The current results showed no any significant difference in serum level of cortisol between SVP and control group (a), while there was a significant increase in serum level of cortisol in AVP than either SVP or control group. Within all studied groups, the cortisol levels were higher in females than males. There was a significant decrease in serum level of ACTH in either AVP or SVP than control and in AVP than SVP group. Within all studied groups, the ACTH levels were higher in males than females (Table 2; Figure 6).

From abovementioned results of the current study, we hypothesized that CRF, POMC, ACTH, and MSH possibly feedback inhibited by higher levels of cortisol in VP, so decrease melanin biosynthesis in the skin. In addition, a predicted decreased level of CRF affects the role nuclear factor kappa B (NF-κB) in human keratinocytes as regulator of immune response (58, 59). Moreover, ROS produced by estrogen and catecholamine are able to oxidize and inhibit the activity of POMC-derived bioactive peptides ACTH and α-MSH leading to skin depigmentation.

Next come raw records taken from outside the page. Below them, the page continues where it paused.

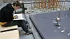 Dag etter dag denne uken har han sittet med falkeblikk og fulgt den evig svingende pendelen i kjelleren på Realfagsbygget. Ved siden av seg har han en liten hvit vekkerklokke med sekundviser, en gul post-it blokk og en blyant. Omtrent hvert tiende minutt, når svinger pendelen borti og velter en av pinnene i sirkelen, noterer han ned nøyaktig tidspunkt for når det skjer.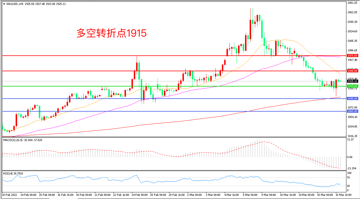 备选策略:在1915.00之下看跌,目标1890.00 1865.00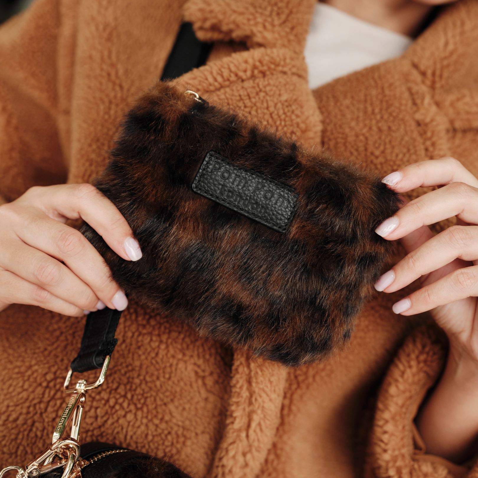 • Pom Pom London City Plus Bag Leopard Print Faux Fur Bundle in Black - A stylish leather crossbody with faux fur texture.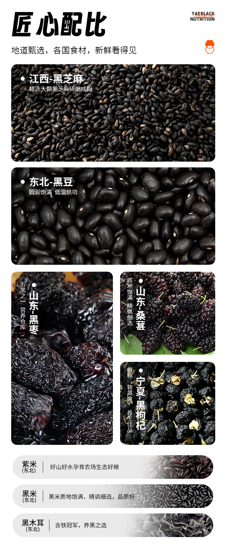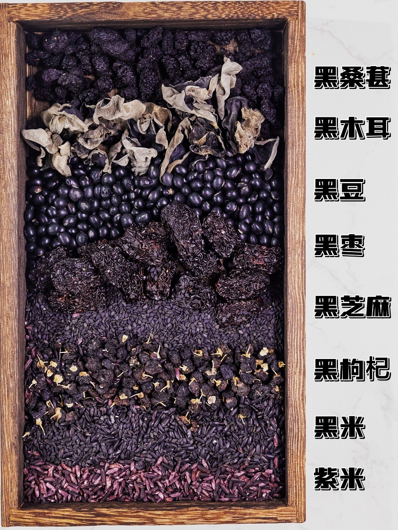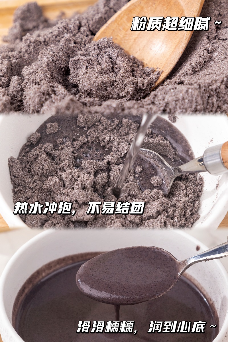 【配料表】黑豆、黑芝麻、紫米、黑米、羊奶粉、木糖醇、桑葚、黑枸杞、黑木耳、黑枣粉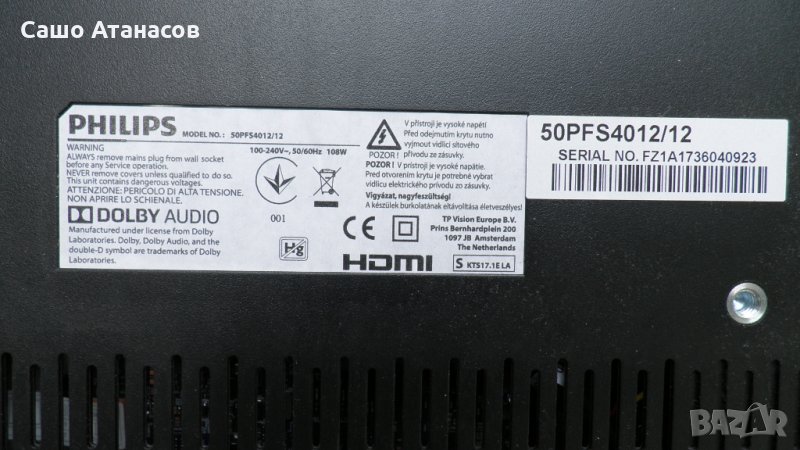PHILIPS 50PFS4012/12 със счупена матрица ,TP.MS3463S.PC821 ,T500HVN07.5 Ctrl BD ,K500WDK3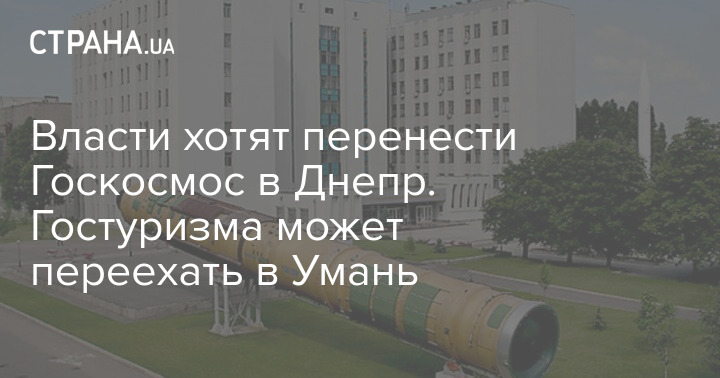 Главный офис Государственного космического агентства может обосноваться в Днепре, а главк Государственного агентства развития туризма (ГАРТ) - в Полтаве, Черкассах или Умани. Такую возможность изучают в правительстве.

Considering a comparison of neuro-endocrinal regulation between active and stable VP groups; a significant increase in plasma levels of Epi, NE, DA, HVA, serotonin, 5-HIAA, melatonin, prolactin, cortisol, and TSH was observed in AVP than SVP group. In addition, a significant increase in estradiol levels (in females) and a significant decrease in testosterone levels (in males) were noted within AVP than SVP. Moreover, there was a significant decrease in serum level of ACTH in AVP than SVP group. All these findings lend credence to the hypothesis that active vitiligo melanocytes are more prone to neuro-endocrinal changes than stable vitiligo. The neural hypothesis is compatible with many studies including Morrone et al. (60) and Cucchi et al. (22), who reported significant increases in the plasma and urinary concentrations of the catecholamine metabolites in active VP. The explanation for the differences in the results between stable and active vitiligo subgroups is possibly attributed to the communication between endocrine, nervous, and immune systems through hormonal neuropeptide route and to their adaptation with stress factors causing vitiligo disease for the maintenance of a homeostatic balance within the body and good health. This explanation supported by conclusion of Taub (61). The current study is possibly the first study to observe the endocrinal differences in all studied hormones between the active and stable vitiligo with notation that there was no significant difference between AVP and SVP groups about levels of fT3 and fT4.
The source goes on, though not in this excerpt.